Saturday 13th July 2013, 2-5pm, Effra Social, Brixton.
‘One Woman’s Trash is Another Woman’s Treasure’. FrockSwap in aid of Trekstock Charity. £2 suggested donation for entry. All clean clothes in good condition welcomed, accessories too (but no pants and socks please!) One token to swap with for every item you bring.
Homemade Cakes available with all proceeds going to Trekstock.
Clothes collection in advance available if you cannot attend on the day. Please contact Lizzie on 07939059087 or frockswappers@yahoo.co.uk.

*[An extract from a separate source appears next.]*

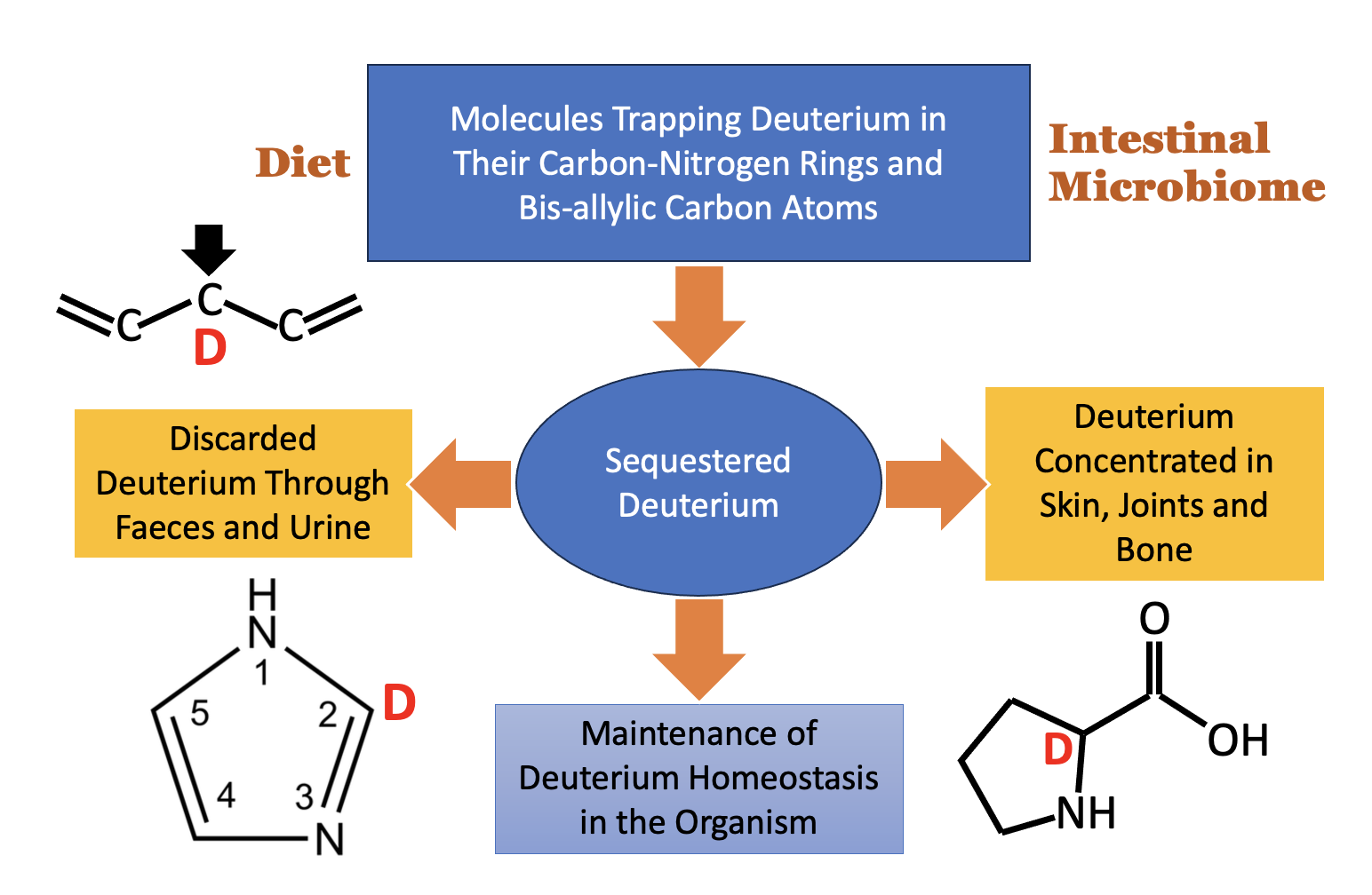 We have identified a small number of nitrogen-carbon ring structures and other molecular configurations of carbon atoms that appear to be unique in their ability to trap and retain deuterium. In many cases, once a molecule containing one of these special structures traps a deuterium atom, certain enzymatic reactions are greatly suppressed, because the enzyme that catalyzes the reaction has a very high deuterium KIE. Many of these molecules are excreted into the faeces or the urine, because they are unable to be further metabolized. It has occurred to us that the unique properties of these organic molecules may play an essential role in maintaining low deuterium levels in biological water, something that is likely to be very important in the gut lumen. A small molecule with a single deuterium atom has a much higher concentration of deuterium than there is in water, where one out of every 6000 protons is a deuteron. Essentially, these molecules can be seen as finding and defusing deuterium “land mines.”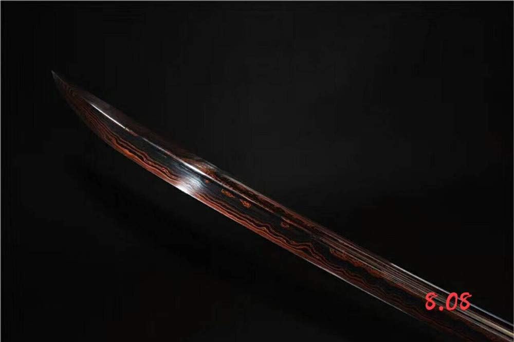 About Sword Craftsmanship: This sword is a sturdy and beautiful sword. It has a strong sharp blade and a beautiful functional handle. It is made by experienced sword smiths using traditional methods of making swords by hand, more than 10 production processes include: material selection, forging, hardening, quenching, polishing, grinding, sharpening and final assembly, all finished manually About Sword Performance:This sword is battle ready real sharp blade, good hardness and elasticity, easily meeting actual combat requirements, can cut trees, fruit, water bottles, chop bamboo, tatami mats, slice paper scope of application: It can be used as a collection for exhibitions or as a gift for family, friends. It can also be used for sword cutting training, self defense or cosplay Instructions for use:Please take care to keep it away from water and do not leave it in camp and direct sunlight to prevent rusting This word is very sharp, please do not point it at people or animals Keep out of reach of children This product is suitable for children under adulthood. points for attention: Sword size:- overall: 92.8 cm / 37 inch, blade: 67.5 cm / 27 inch, handle: 19.25 cm / 7.7 inch Tsuka handle:-humanized design, easy to grip and comfortable to use, hard wood core, red genuine rayskin Samegawa, zinc alloy kashira & fuchi, gold dragon menuki, black synthetic silk tsukamaki (Hineri maki), fixed by 2 mekugi (wood peg) Sword saya:it made high wood saya. sword tsuba:alloy Packaging includes: a sheath sword, a bag, no display stand

We're on Twitter too @frockswappers


----------



## RedDragon (Jul 7, 2013)

For a minute there I thought this was a swingers thread


----------



## Lizzie Dixey (Jul 7, 2013)

Afraid not! But will be just as fun...(in a different way!)


----------



## Brixton Hatter (Jul 9, 2013)

Lizzie Dixey - There's already a clothes swap group going in Brixton. If you search in the Brixton or Community forums on this site for the "clothes swap" threads, you could probably find a good few people to invite along.

mellifluous lady MrsDarlingsKiss boohoo Agent Sparrow


----------



## Thimble Queen (Jul 9, 2013)

Hello - can you let us know what happens to clothes that don't end up getting taken?


----------



## Lizzie Dixey (Jul 10, 2013)

Hi there, of course, we will be taking any left over clothes to local charity shops, probably Oxfam in Herne Hill or Traid in Brixton, any other questions, let me know! Come along if you can x


----------



## Lizzie Dixey (Jul 10, 2013)

Brixton Hatter said:


> Lizzie Dixey - There's already a clothes swap group going in Brixton. If you search in the Brixton or Community forums on this site for the "clothes swap" threads, you could probably find a good few people to invite along.
> 
> mellifluous lady MrsDarlingsKiss boohoo Agent Sparrow


 
Thanks!


----------